In practice, let’s say you have a retail chain. At midnight, they will have completely consolidated all the sales from the entire network, and the data will be consolidated and passed to some kind of system for optimization. This system will have exactly a 60-minute window to do the forecasting, inventory optimization, and reallocation decisions for every single store of the network. Once it’s done, the results will be passed to the warehouse management system so that they can start preparing all the shipments. The trucks are going to be loaded, maybe at 5:00 AM, and by 9:00 AM, the stores are opening with the merchandise already received and put on the shelves.

However, you have a very strict timing, and if your calculation goes outside of this 60-minute window, you’re putting the entire supply chain execution at risk. You don’t want something where you’re just going to discover in production how much time things take. If you have loops where people can decide how many iterations they are going to have, it’s very difficult to have any proof of the duration of your calculation. Bear in mind that this is supply chain optimization we are talking about. You don’t have the luxury to do peer review and double-check everything. Sometimes, due to the pandemic, some countries are shutting down while others are reopening quite erratically, usually with a 24-hour notice. You need to react swiftly.

So, array programming is the idea that you can operate directly on arrays. If we look at the snippet of code that we have here, this is Envision code, the DSL of Lokad. To understand what’s going on, you have to understand that when I write “orders.amounts”, what comes is a variable and the “orders” is actually a table in the sense of a relational table, as in a table in your database. For example, here in the first line, “amounts” would be a column in the table. On line one, what I’m doing is that I’m literally saying for every single line of the orders table, I am just going to take the “quantity”, which is a column, and multiply it by “price”, and then I get a third column that is dynamically generated, which is “amount”.

By the way, the modern term for array programming nowadays is also known as data frame programming. The field of study is quite ancient; it goes back three or four decades, maybe even four or five. It has been known as array programming even if nowadays people are usually more familiar with the idea of data frames. On line two, what we are doing is that we are doing a filter, just like SQL. We are filtering the dates, and it just so happens that the orders table has a date. It’s going to be filtered, and I say “date that is greater than today minus 365”, so it’s days. We keep the data from last year, and then we are writing “products.soldLastYear = SUM(orders.amount)”.

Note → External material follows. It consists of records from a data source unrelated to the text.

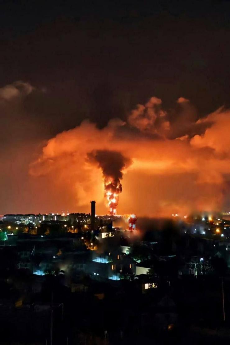 Очевидці зазначили, що бензин уже згорів, і наразі вибухають резервуари з гасом. Експерти заявляють, що загасити таку пожежу неможливо, і нафтобаза горітиме до повного вигоряння всіх резервуарів.
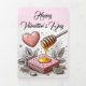 La tarjeta del Día de San Valentín feliz presenta un diseño de estilo de arte de boceto, con miel que gotea sobre un delicioso waffle rosa. La imagen está acompañada de la frase "Me eres dulce" dentro de un corazón, lo que añade un toque personal y divertido. Dentro de la tarjeta, el mensaje dice: "Dulces para mi dulce, por siempre y siempre!" En la parte posterior de la tarjeta, el mensaje dice: "Soy tu miel, goteando de amor". Todo el diseño tiene un atractivo magnético. Este encantador diseño no solo es visualmente impactante, sino que también evoca una sensación de alegría y diversión, lo que lo hace perfecto para cualquiera que desee expresar su amor y admiración.
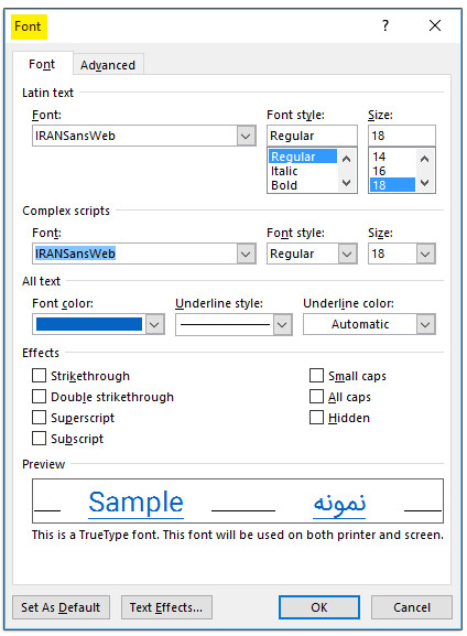Font باز میشود. میتوانید سبک فونت، اندازه و رنگ متن لینک و سایر تغییرات لازم را انجام دهید
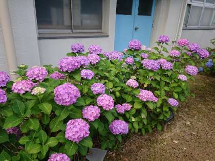 6月になりました。校内の紫陽花もきれいな花を咲かせています。
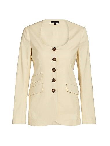 Блейзер Roslyn от Rag & Bone выполнен из легкого льняного смесового материала и имеет безворотовый дизайн с вырезом.
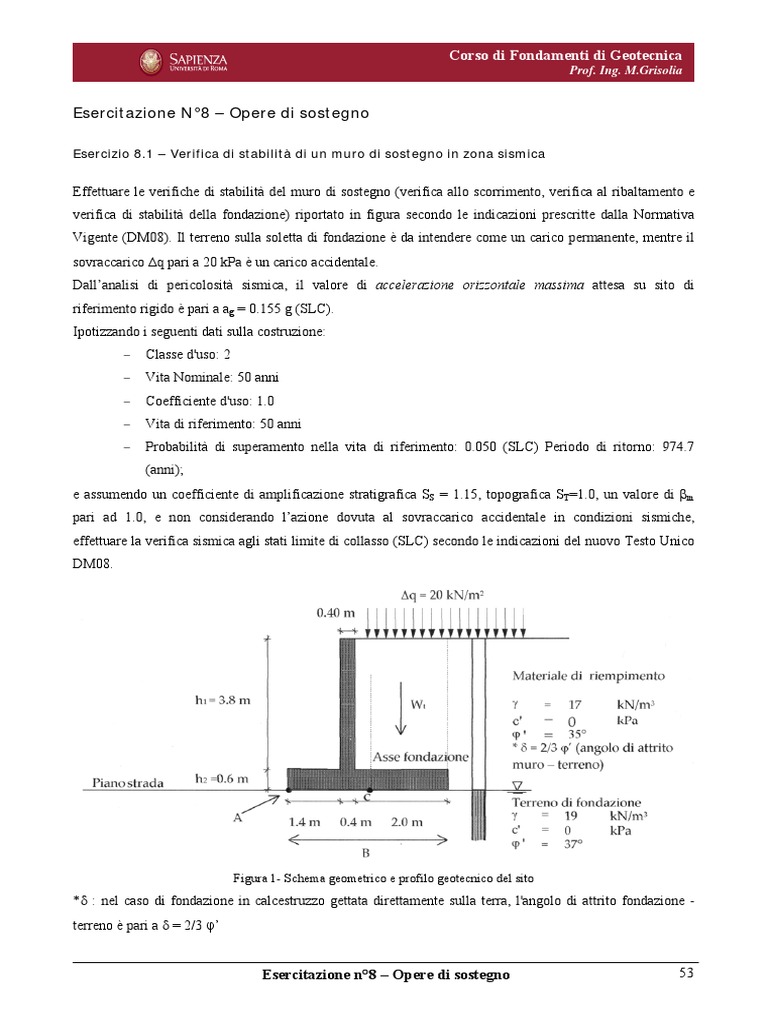 Effettuare le verifiche di stabilit del muro di sostegno (verifica allo scorrimento, verifica al ribaltamento e verifica di stabilit della fondazione) riportato in figura secondo le indicazioni prescritte dalla Normativa Vigente (DM08). Il terreno sulla soletta di fondazione da intendere come un carico permanente, mentre il sovraccarico q pari a 20 kPa un carico accidentale. Dallanalisi di pericolosit sismica, il valore di accelerazione orizzontale massima attesa su sito di riferimento rigido pari a ag = 0.155 g (SLC). Ipotizzando i seguenti dati sulla costruzione: Classe d'uso: 2 Vita Nominale: 50 anni Coefficiente d'uso: 1.0 Vita di riferimento: 50 anni Probabilit di superamento nella vita di riferimento: 0.050 (SLC) Periodo di ritorno: 974.7 (anni); e assumendo un coefficiente di amplificazione stratigrafica SS = 1.15, topografica ST=1.0, un valore di m pari ad 1.0, e non considerando lazione dovuta al sovraccarico accidentale in condizioni sismiche, effettuare la verifica sismica agli stati limite di collasso (SLC) secondo le indicazioni del nuovo Testo Unico DM08.

Now, the interesting thing is that we have what we call a natural join between products and orders. Why? Because every order line is associated with one product and one product only, and one product is associated with zero or more order lines. In this configuration, you can directly say, “I want to compute something at the product level that is just a sum of whatever is happening at the orders level,” and that’s exactly what is being done at line nine. You might notice the syntax is very bare; you don’t have many accidentals or technicalities. I would contend that this code is almost entirely devoid of any accidentals when it comes to data frame programming. Then, on lines 10, 11, and 12, we are just putting a table on display on our dashboard, which can be done very conveniently: “LIST(PRODUCTS)”, and then “TO(products)”.

There are many upsides of array programming for supply chains. First, it eliminates entire classes of problems. You’re not going to have off-by-one bugs in your arrays. It’s going to be way easier to parallelize and even distribute the computation. That’s very interesting because it means that you can write a program and have the program executed not on one local machine but directly on a fleet of machines that live in the cloud, and by the way, this is exactly what is being done at Lokad. This automatic parallelization is of super high interest.

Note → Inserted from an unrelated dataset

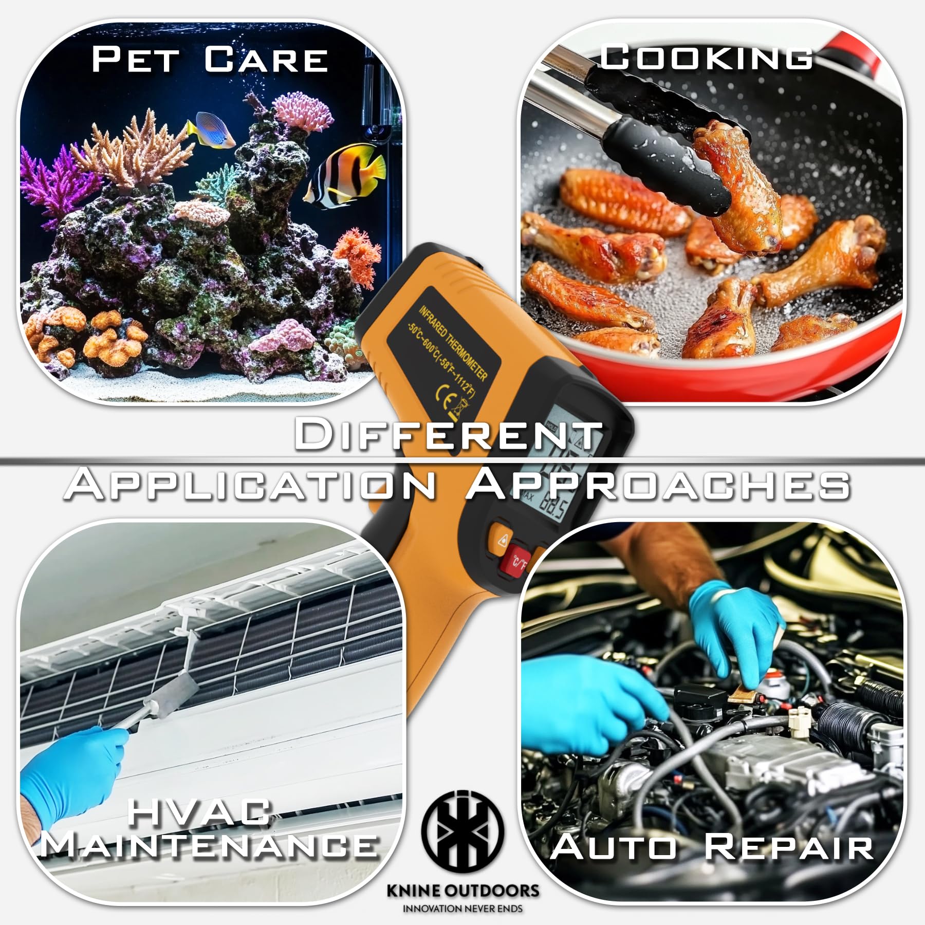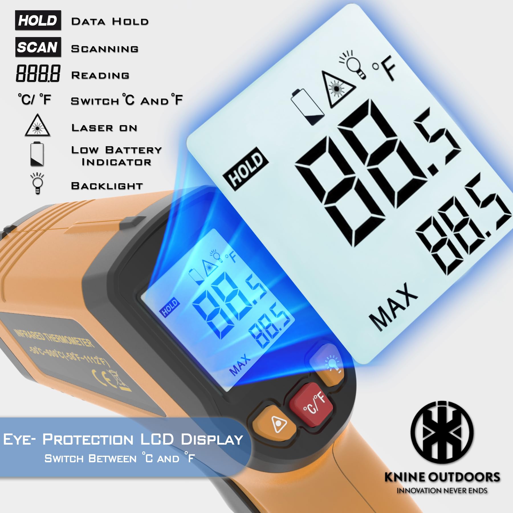 KNINE OUTDOORS Infrared Thermometer Laser Temperature Gun, -58℉ to 1112℉, Single Laser Targeting, Distance to Spot Ratio 12:1, for Cooking, Oven and Meat (Orange)

You see, the way it works is that when you do supply chain optimization, your typical consumption patterns in terms of computing hardware are super intermittent. If I go back to the example I was giving about the 60-minute window for the retail networks during store replenishment, it means that there is one hour per day where you need compute power to do all of your calculations, but the rest of the time, the other 23 hours, you don’t need that. So what you want is a program that, when you’re about to run it, is going to spread on many machines and then, once it’s done, it’s just going to release all those machines so that other calculations can take place. The alternative would be having many machines that you’re renting and paying for all day long but only using them 5% of the time, which is very inefficient.

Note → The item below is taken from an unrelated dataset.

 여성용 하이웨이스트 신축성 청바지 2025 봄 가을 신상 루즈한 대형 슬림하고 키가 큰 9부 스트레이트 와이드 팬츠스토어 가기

This idea that you can distribute over many machines rapidly and predictably, and then surrender the processing power, needs the cloud in a multi-tenant setup and a series of other things on top that Lokad is doing. But first and foremost, it needs cooperation from the programming language itself. It’s something that is just not feasible with a generic programming language like Python, because the language itself does not lend itself to this sort of very smart and relevant approach. This is more than just tricks; it’s literally about dividing your IT hardware costs by 20, massively accelerating the execution, and eliminating entire classes of potential bugs in your supply chain. This is game-changing.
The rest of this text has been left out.